# What the task asks
Pictures are to be left out, and only the lines below starting at the one with "今日の給食:牛乳・わかめごはん・和風とり塩から揚げ・けんちん汁" and ending at the one with "A rendering of" are to be reproduced, each exactly, both ends included.

# Source material
######
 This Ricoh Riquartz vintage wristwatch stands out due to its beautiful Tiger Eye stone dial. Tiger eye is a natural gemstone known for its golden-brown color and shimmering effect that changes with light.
######
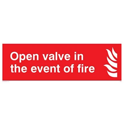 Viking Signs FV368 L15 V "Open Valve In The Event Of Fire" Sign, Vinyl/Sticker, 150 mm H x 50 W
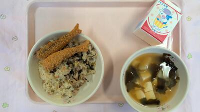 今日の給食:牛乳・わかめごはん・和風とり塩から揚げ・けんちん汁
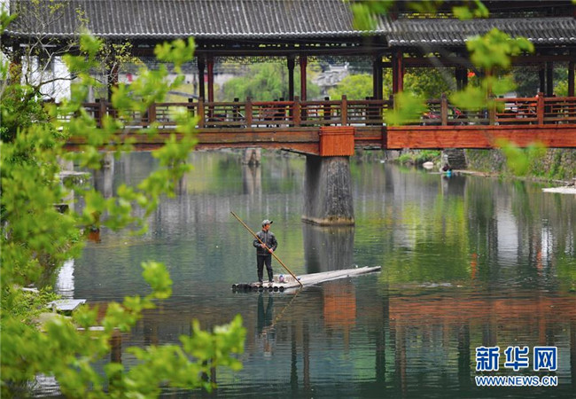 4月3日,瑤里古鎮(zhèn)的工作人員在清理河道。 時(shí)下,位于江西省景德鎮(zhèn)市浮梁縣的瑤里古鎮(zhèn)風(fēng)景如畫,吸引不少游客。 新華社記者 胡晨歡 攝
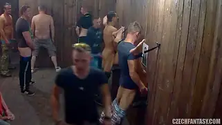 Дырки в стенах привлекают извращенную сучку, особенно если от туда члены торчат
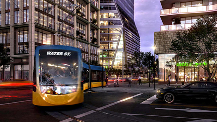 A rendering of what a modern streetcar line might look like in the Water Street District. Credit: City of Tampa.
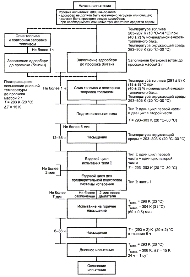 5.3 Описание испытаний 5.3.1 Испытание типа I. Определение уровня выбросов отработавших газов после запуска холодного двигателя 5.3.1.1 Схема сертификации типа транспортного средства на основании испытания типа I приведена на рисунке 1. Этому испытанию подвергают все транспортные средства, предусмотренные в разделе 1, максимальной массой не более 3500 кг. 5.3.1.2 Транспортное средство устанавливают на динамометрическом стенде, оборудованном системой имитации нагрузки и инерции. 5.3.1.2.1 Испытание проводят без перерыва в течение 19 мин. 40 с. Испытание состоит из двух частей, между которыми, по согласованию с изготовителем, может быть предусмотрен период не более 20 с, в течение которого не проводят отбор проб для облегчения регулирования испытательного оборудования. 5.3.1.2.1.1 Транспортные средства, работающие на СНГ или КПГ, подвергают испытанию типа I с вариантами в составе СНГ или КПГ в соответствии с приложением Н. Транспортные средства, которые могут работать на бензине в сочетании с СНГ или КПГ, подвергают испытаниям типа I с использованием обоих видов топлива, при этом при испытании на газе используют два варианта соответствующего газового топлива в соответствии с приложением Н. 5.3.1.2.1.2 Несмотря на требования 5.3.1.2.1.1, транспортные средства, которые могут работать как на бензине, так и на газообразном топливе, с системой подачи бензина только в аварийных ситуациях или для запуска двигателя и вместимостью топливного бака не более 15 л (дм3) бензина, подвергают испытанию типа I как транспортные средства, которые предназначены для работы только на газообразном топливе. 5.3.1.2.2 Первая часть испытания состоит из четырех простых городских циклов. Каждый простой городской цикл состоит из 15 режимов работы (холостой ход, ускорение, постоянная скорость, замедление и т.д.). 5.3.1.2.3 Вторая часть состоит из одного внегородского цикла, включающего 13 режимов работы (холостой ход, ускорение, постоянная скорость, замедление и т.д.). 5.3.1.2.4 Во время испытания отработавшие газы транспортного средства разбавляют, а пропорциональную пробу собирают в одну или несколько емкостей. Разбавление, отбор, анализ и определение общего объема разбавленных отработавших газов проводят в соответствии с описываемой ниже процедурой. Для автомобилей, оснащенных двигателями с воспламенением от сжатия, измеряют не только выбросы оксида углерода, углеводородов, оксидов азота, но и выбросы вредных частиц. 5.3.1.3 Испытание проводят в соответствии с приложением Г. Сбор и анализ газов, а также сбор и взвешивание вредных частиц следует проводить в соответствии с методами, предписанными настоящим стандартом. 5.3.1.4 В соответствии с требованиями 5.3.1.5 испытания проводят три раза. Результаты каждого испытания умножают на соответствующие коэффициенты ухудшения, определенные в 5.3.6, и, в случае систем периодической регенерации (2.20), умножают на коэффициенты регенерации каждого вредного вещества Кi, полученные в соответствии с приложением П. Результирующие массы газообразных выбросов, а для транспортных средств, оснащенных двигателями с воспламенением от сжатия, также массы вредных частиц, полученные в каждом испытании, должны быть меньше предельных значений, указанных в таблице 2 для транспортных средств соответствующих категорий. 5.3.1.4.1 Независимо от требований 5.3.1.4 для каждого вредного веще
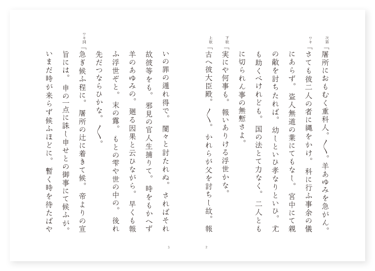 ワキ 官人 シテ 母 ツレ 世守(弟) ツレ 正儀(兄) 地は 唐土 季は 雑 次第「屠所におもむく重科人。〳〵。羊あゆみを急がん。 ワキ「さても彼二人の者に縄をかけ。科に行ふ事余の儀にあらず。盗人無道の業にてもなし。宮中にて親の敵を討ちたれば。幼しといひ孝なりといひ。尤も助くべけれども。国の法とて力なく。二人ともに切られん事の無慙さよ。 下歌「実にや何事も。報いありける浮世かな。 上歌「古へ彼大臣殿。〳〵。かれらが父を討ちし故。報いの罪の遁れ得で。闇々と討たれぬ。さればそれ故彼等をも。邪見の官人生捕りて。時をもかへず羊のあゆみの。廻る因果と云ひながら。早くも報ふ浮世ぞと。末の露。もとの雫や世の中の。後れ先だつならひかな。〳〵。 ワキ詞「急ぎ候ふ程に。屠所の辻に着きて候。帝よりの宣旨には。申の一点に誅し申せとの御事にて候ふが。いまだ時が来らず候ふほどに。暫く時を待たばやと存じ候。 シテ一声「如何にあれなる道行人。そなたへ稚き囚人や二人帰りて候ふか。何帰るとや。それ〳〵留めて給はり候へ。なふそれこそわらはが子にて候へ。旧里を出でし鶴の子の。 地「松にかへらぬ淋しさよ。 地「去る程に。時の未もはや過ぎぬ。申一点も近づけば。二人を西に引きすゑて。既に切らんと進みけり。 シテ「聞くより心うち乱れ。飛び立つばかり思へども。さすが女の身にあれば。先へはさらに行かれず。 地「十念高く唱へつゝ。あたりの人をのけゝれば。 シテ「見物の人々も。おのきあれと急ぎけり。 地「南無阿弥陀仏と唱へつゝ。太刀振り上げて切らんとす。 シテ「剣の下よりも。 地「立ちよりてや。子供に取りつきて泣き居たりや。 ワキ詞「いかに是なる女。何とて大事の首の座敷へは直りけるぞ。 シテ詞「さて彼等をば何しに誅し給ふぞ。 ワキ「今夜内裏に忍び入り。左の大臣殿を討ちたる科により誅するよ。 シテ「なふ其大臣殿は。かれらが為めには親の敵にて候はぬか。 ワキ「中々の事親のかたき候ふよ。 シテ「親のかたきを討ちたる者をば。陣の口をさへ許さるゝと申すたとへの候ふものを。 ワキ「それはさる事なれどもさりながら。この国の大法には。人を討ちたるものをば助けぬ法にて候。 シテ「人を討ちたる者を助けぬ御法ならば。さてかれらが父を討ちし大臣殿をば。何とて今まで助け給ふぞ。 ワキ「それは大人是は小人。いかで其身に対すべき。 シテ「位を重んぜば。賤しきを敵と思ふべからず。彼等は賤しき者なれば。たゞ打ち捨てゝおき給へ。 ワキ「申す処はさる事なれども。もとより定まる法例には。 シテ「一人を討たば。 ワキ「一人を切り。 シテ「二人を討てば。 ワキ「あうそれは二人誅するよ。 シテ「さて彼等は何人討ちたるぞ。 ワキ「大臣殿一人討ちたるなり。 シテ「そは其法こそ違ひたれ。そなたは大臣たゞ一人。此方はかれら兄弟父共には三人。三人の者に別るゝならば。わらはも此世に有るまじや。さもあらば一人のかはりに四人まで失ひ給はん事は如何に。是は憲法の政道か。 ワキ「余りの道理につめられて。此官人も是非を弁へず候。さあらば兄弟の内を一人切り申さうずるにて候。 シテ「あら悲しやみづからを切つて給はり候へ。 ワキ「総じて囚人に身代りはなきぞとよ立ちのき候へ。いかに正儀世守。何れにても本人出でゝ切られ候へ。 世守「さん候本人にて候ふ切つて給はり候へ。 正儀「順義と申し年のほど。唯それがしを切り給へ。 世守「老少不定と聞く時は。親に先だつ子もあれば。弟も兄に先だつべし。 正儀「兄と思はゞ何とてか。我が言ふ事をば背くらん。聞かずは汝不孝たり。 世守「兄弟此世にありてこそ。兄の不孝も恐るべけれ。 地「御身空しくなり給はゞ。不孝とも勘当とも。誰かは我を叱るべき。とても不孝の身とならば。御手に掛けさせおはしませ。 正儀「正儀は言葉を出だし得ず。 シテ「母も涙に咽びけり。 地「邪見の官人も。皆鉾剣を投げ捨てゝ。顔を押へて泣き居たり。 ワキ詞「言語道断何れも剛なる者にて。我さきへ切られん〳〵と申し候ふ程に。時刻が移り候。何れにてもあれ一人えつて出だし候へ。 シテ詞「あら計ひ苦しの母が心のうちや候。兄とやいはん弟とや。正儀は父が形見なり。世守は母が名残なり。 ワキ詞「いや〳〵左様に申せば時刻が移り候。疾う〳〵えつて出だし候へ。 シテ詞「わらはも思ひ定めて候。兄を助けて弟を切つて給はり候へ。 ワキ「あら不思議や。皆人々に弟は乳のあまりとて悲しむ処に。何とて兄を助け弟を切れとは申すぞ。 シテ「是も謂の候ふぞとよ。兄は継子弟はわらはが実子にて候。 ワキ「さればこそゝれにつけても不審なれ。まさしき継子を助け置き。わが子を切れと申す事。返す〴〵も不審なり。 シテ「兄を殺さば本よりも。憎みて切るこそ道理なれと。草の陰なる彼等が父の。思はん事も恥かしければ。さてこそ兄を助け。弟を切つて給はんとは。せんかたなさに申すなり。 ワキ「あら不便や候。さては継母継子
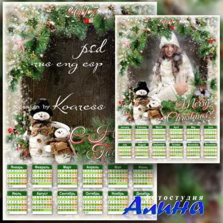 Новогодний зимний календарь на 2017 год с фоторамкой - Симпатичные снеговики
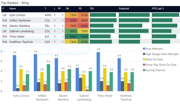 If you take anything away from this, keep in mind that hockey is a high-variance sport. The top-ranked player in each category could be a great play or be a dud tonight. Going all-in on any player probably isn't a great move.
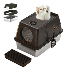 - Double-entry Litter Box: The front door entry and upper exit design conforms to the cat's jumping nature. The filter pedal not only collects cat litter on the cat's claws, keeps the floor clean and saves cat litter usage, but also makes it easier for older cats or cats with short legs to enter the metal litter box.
######
# Written solution
 今日の給食:牛乳・わかめごはん・和風とり塩から揚げ・けんちん汁
 4月3日,瑤里古鎮(zhèn)的工作人員在清理河道。 時(shí)下,位于江西省景德鎮(zhèn)市浮梁縣的瑤里古鎮(zhèn)風(fēng)景如畫,吸引不少游客。 新華社記者 胡晨歡 攝
 Дырки в стенах привлекают извращенную сучку, особенно если от туда члены торчат
 A rendering of what a modern streetcar line might look like in the Water Street District. Credit: City of Tampa.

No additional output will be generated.